Here is a snippet from one of our apache setups:

<VirtualHost *:80>
        ServerName www.rmkshoes.com.au
        ServerAlias rmkshoes.com.au www.rmkshoes.com rmkshoes.com
        ServerAdmin root at cadetshoes.com.au
        ErrorLog logs/rmkshoes.com.au-error_log
        CustomLog logs/rmkshoes.com.au-access_log combined
        ProxyPreserveHost       On
        <Location / >
                ProxyPass               http://192.168.1.153/
                ProxyPassReverse        http://192.168.1.153/
                </Location>
        </VirtualHost>

Also please note that this does not solve the problem for mail servers 
on the same internal subnet.

Option b) as I said is to overload the ip address on an interface card.

To do this set the ip address on the web/mail server to a different 
subnet eg 192.168.1.0/24. Then in firehol on the firewall add the ip 
commands to add addresses to an interface (in addition to the default 
address present when the firewall starts):

eg

ip addr add 192.168.1.1 dev eth0
ip route add 192.168.1.0/24 dev eth0

You can have 2 interface definitions for the same interface ! and then 
redirect traffic accordingly. This is an effective strategy. Here is the 
firehol.conf from one of my smaller sites:
In this case I have made sure that the intranet comes up correctly and 
then overlay the internet onto the (single) ethernet adapter. Physically 
there is a satellite link connected to my switch along with the 
server/firewall and a wireless switch.

We're now using this in small shop setups too so that we can use 
standard IBM POS units with multiple subregisters.

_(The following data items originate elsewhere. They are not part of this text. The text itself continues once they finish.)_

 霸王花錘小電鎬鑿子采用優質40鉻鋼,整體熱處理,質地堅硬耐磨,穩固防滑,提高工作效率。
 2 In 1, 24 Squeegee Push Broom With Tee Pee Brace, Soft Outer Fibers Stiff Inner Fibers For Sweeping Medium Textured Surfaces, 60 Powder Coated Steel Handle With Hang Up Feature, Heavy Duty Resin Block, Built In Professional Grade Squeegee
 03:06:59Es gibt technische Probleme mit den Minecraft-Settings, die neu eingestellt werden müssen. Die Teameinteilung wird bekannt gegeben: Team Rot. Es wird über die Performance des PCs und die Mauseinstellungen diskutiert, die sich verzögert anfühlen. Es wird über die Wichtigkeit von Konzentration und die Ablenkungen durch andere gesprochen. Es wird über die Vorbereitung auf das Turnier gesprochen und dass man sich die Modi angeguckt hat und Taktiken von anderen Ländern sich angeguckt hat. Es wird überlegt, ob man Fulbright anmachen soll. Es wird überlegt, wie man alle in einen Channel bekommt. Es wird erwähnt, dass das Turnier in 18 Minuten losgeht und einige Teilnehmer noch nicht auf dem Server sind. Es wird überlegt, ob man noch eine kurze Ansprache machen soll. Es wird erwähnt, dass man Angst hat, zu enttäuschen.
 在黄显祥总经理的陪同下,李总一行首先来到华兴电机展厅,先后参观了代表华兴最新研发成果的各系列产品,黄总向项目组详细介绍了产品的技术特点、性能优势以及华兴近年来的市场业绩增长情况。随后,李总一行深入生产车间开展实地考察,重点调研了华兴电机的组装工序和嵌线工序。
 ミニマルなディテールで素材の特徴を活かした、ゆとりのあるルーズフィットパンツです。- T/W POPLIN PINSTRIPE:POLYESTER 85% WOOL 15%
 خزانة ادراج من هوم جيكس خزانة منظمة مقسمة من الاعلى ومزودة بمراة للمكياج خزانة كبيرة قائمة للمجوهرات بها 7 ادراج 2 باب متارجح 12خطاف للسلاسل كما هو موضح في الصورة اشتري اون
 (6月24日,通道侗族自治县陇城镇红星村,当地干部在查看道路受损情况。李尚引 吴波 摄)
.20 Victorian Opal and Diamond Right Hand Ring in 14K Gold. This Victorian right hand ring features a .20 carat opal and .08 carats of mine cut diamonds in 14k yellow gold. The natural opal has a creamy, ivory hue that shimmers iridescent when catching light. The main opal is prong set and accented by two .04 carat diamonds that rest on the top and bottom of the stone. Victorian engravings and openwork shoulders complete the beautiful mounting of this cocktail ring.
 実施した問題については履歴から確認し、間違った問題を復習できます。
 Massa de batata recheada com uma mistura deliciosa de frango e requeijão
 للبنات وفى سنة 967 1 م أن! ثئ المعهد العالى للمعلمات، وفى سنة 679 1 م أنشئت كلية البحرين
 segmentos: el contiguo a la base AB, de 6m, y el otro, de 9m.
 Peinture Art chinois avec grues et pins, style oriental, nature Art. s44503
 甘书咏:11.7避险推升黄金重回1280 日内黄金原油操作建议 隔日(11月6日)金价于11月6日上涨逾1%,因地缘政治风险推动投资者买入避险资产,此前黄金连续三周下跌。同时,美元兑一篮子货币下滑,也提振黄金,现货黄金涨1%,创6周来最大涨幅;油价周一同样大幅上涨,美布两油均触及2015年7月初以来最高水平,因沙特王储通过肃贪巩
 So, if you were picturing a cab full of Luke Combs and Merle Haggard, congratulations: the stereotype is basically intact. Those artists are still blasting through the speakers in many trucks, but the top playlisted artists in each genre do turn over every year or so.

Anyway I hope this helps you and others.

Regards
Rick

#
# $Id: office.conf,v 1.4 2002/12/31 15:44:34 ktsaou Exp $
#
# CASE:
# Firewall for a host with only one Ethernet interface connected to
# a LAN where the traffic coming in is:
#
#       source 10.0.0.0/16      intranet traffic
#       any other source        internet traffic
#
# The host can reach the internet via a gateway that SNATs the fake
# address this host has to its Ethernet interface to a real one.
# We assume that this NAT is bi-directional, meaning that the
# gateway will DNAT requests sent from the internet to the real IP
# of our host in order to enter the intranet and reach our server.
#
# If this NAT is not bi-directional (only SNAT but no DNAT), then
# the 'internet' and 'trusted' services bellow will simply not
# work (FireHOL will not complain).
#
# SOLUTION:
# The following FireHOL configuration script assumes there are a few
# network zones with different roles:
#
#       intranet        our company's intranet
#       department      our department within the intranet
#       personal        our PCs within the company
#       internet        the whole internet
#       trusted         computers on the internet we need to provide
#                       services to
#
# For each of the above, there are two definitions:
#       1. The IP addresses or address space
#       2. The services they can access on this host.
#
# If you want to disable something, simply comment out or empty the
# variables defined for this.
#
# Other notes:
#       - idents are rejected
#       - our host is also a workstation that can run any client
#       - our host does not route any traffic

version 5

# ----------------------------------------------------------------------
# Definitions
# ----------------------------------------------------------------------

# The network the company's intranet is using
ip addr add 61.88.230.142 dev eth0
ip route add 61.88.230.140/30 dev eth0
ip route add default via 61.88.230.141
intranet="192.168.12.0/24"
intranet_servers="icmp http smtp dns dhcp cups ssh samba"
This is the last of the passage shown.